El propio ex ministro Cabezas aceptaba los efectos perniciosos de la petrificación de los precios: “No se puede obligar a nadie a que produzca un bien cuyo costo de producción es de Bs. 2.000 y después regularlo a Bs. 1.400, porque tiene dos caminos: disminuye la producción o realiza la venta de cualquier otra cosa. Ese impacto está ahí presente, negarlo sería un absurdo”. El corolario de ese diagnóstico tendría que traducirse en una política económica que estimule la inversión privada, fomente la competencia entre los agentes económicos e incremente la producción y la productividad. Todo esto pasa por la creación de un clima de confianza, estabilidad y seguridad jurídica que el Gobierno no logra crear o, peor, se niega a propiciar. La ausencia de este ambiente determinó que 2007 cerrara con una inflación de 22.5%, casi el doble de la prevista por el Ejecutivo. Además, el rubro donde más engordaron los precios fue en el de los alimentos, más de 30%, látigo que castiga con particular severidad a los grupos más pobres, pues sus ingresos los destinan básicamente a satisfacer los requerimientos alimenticios. La gran paradoja de esa política restrictiva reside en que el Gobierno se ve obligado a importar alimentos y otros productos, de países donde impera la economía de mercado y los controles de precios no existen, o se aplican durante lapsos muy cortos.

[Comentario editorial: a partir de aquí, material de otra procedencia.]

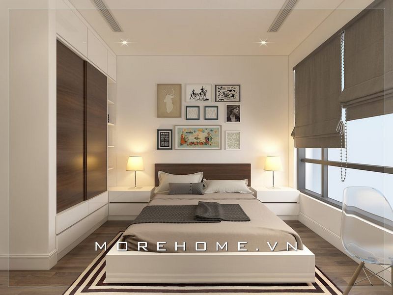 Phòng ngủ nhỏ cần tận dụng diện tích tối đa để bố trí nội thất, giúp căn phòng thêm gọn gàng hơn. Lược bớt những nội thất không liên quan để giúp căn phòng có được độ thông thoáng cần thiết
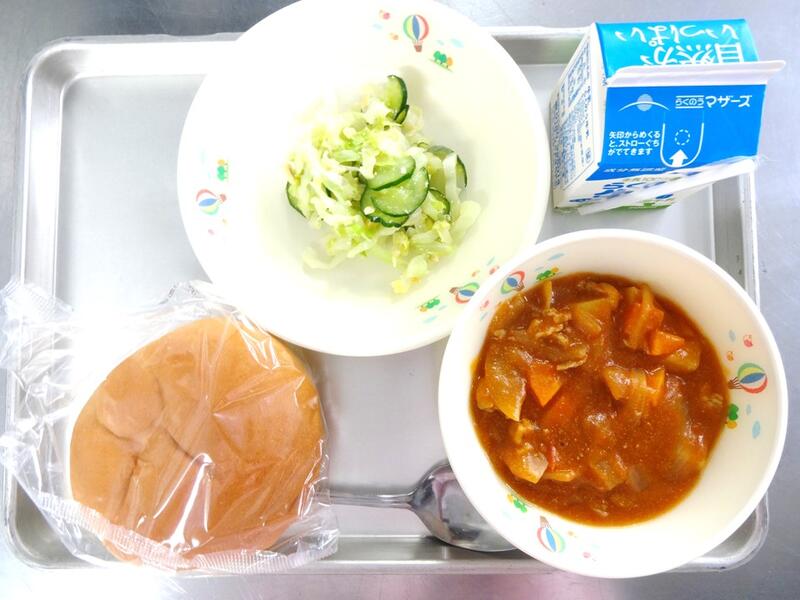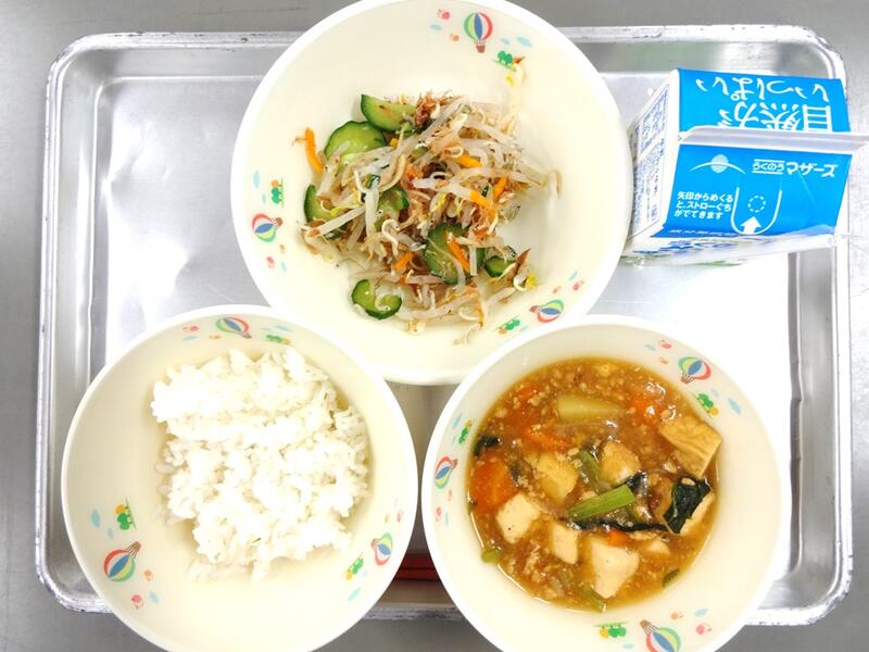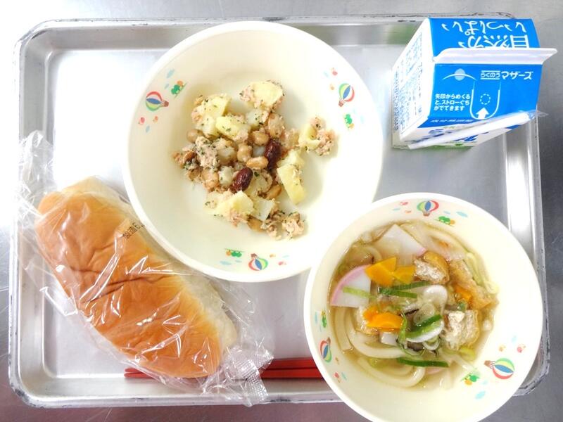 たぬき汁は、煮干しだしを活かして作りました。さつま揚げのうま味もでました。キャベツのひじき和えには、ひじきの佃煮を入れています。ひじきが苦手な子でも、ひじきの佃煮にすることで食べやすくなります。海藻にはミネラルが豊富に含まれています。普段、好んで食べる食材ではないので、給食では意識的に取り入れたいと思っています。

En medio de este cuadro tan adverso, el Ejecutivo insiste en anunciar medidas laborales aún más estrictas que las vigentes. Además de la Solvencia Laboral, la LOPCYMAT y la inamovilidad laboral indefinida, que gravitan como un peso muerto sobre las empresas, el Ejecutivo Nacional se plantea hacer todavía más inflexible el mercado laboral y aumentar, así, los costos de creación de nuevos empleos en el sector formal de la economía. Se habla de aprobar, mediante la Ley Habilitante, la Ley de Estabilidad en el Trabajo y la de los Consejos Obreros. La reacción inevitable frente al endurecimiento todavía mayor del plano legal será, como siempre, la caída de la inversión, la inflación, la escasez, el desabastecimiento y el crecimiento de la informalidad.

El Gobierno, a pesar de todos los indicios y recomendaciones, insiste en transitar por el camino del intervencionismo, el estatismo, los controles y las restricciones a la libertad económica. Esta orientación la están pagando los venezolanos. Enero de este año 2008 probablemente registre una de las tasas mensuales de inflación más alta en la historia reciente del país, a pesar de que enero suele ser un mes donde se desaceleran o caen los precios.

Las consecuencias de que Venezuela se encuentre en el puesto 144, uno de los últimos, en el Índice de Libertad Económica que publica cada año The Heritage Foundation y Ther Wall Street Journal las estamos padeciendo.